Most of us don’t know their names. We simply enjoy the trails of beauty and kindness they leave behind. Only when they stop or leave us do we realize how much they had been doing. And, it may take some of us a while to even notice. Fran the Flower Lady died 17 years ago, and I’m just now asking what happened to her. Asking because I sat at a signal and spotted an unattractive corner and remembered that “older” woman who bent over those gardens daily for thirty years. Given her age when she died, that makes her probably early sixties when she started. Maybe it was her answer to retirement.
I’m going to find out what’s on the plan for that barren corner. I have my sources other than Google. I loved learning about Fran and Roy and revisiting a fun memory. I also found myself smiling at another realization. Back then I thought of Fran as old. Looking back now, she was likely in her early sixties when she began transforming that intersection. Funny how our definition of “old” keeps moving as the years pile up.
Ten years ago, I decided my pool needed to become a pond and my backyard a sanctuary for birds and bees. I love the result, but I am not Fran. Gardening does not call to me. I like a bit of wild, but the sanctuary has slipped a little further into the wild than I intended. Everything calls for attention.
I figured there must be someone out there who loves getting their hands in the dirt and transforming landscapes. I needed a Fran. I set my intention and my prayers were answered.
From my friend down the street, I learned about a gardening team who will come every week to help restore my yard. I interviewed them as we toured the overgrowth and they are excited to get started. So am I. Anticipating their weekly visits motivated me to get started even before they did.
I trimmed back an overgrown climber that had begun swallowing everything around it. Raked leaves that had been building up under the succulents and moved a few plants to happier spots. With help, I hauled a red bench out of the garage and tucked it beside the pond where I can sit with my morning coffee and enjoy the view—a view that will be transforming right before my eyes over the next few weeks.

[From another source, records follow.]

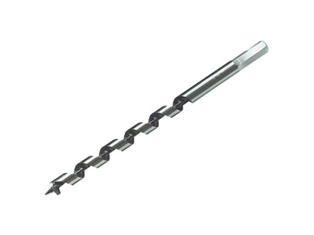 Изготовлено из углеродистой стали с твердостью режущей части 40 HRС. Сверло имеет центрирующее острие со спиральной нарезкой, уменьшающей осевую нагрузку, и острую подрезную кромку, которая позволяет с высокой точностью просверлить отверстие с гладкими поверхностями, предотвращая смещение сверла и исключая необходимость в предварительном засверливании. Шестигранный хвостовик обеспечивает надежное удержание сверла в патроне.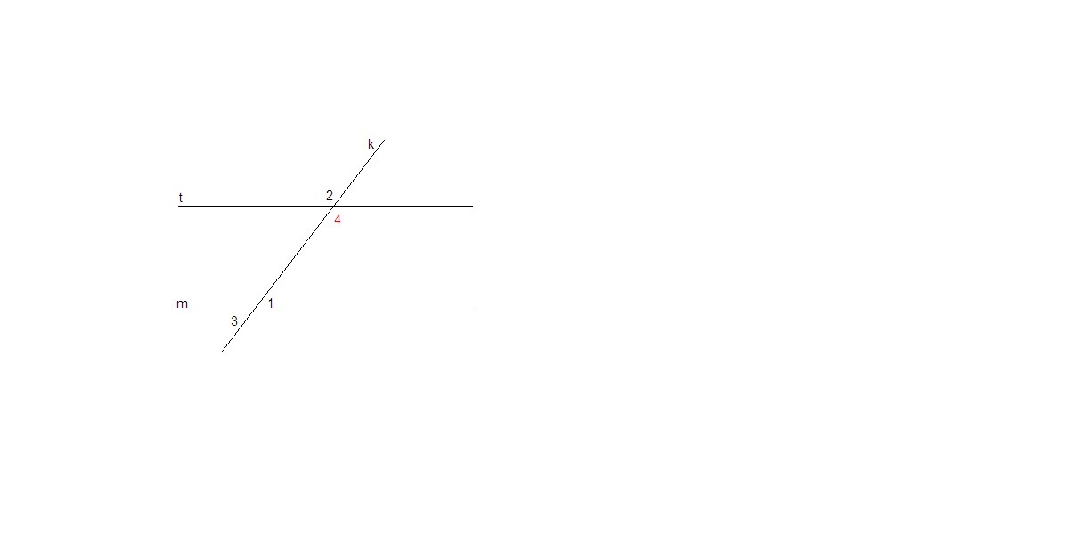 ∠1 + ∠4 = 180° так как эти углы внутренние односторонние при пересечении параллельных прямых t и m секущей k.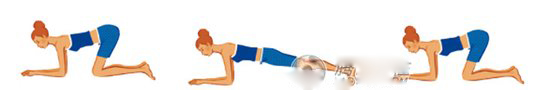 ⑴在地板上放置左右手臂和膝蓋,胳膊肘成直角彎曲,視線朝著地板。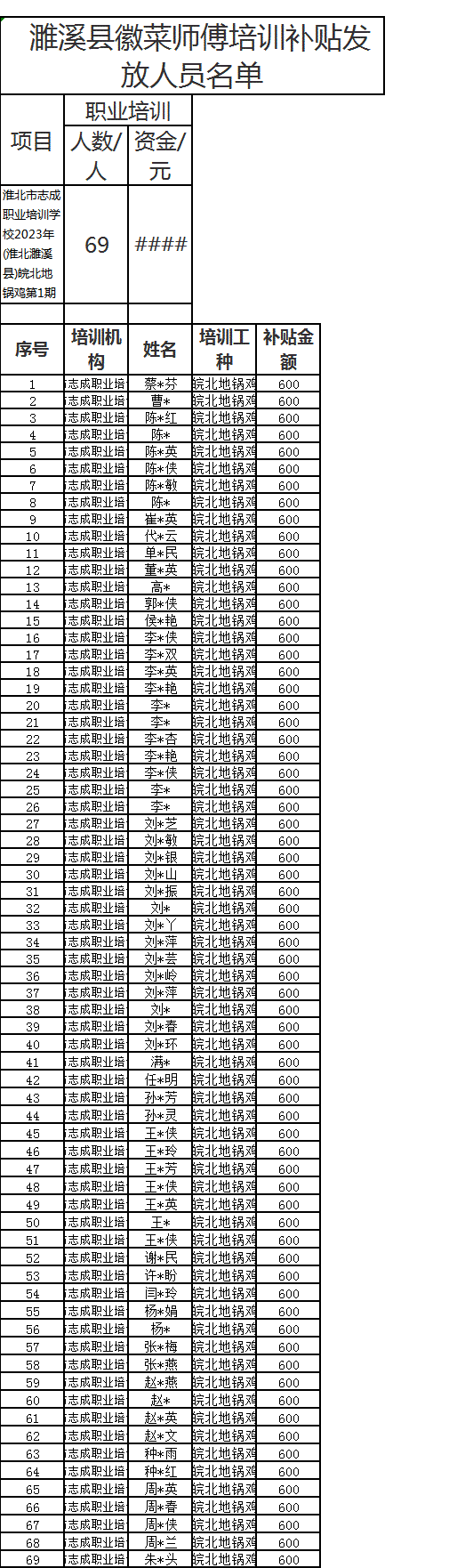 2023年濉溪县徽菜师傅培训补贴发放名单

I also bought some gazanias and planted them along the front walkway to my home—a task I had been putting off because it involved a lot of weeding and prepping the soil. I’ve looked out my front door several times to admire the new planting. I’m already anticipating the joy of having someone loving on my yard and bringing it back from the brink.
When it comes to gardening, I’m good for occasional sprints. Give me fabric or yarn or a subject to write about, and I’m up for a marathon. We each have our passions. There are a multitude of ways to make a difference in our own little corners. Our world is held together by countless acts of faithful tending.
Next time I stop at that intersection, I’ll take note of the flowers—or the bare dirt—but now I’ll also think about Fran who spent over thirty years planting 30,000 flowers—her mission—making that corner of Sacramento more beautiful than she found it.
Her commitment made me wonder. What are we tending today that will last when we are no longer here? We all have something entrusted to our care.
Will what we’ve been given be a little healthier, kinder, or more beautiful because we were here? I’m grateful for all of those who can answer that question with a “yes.” They are the ones stitching communities together with their love. That’s how communities bloom.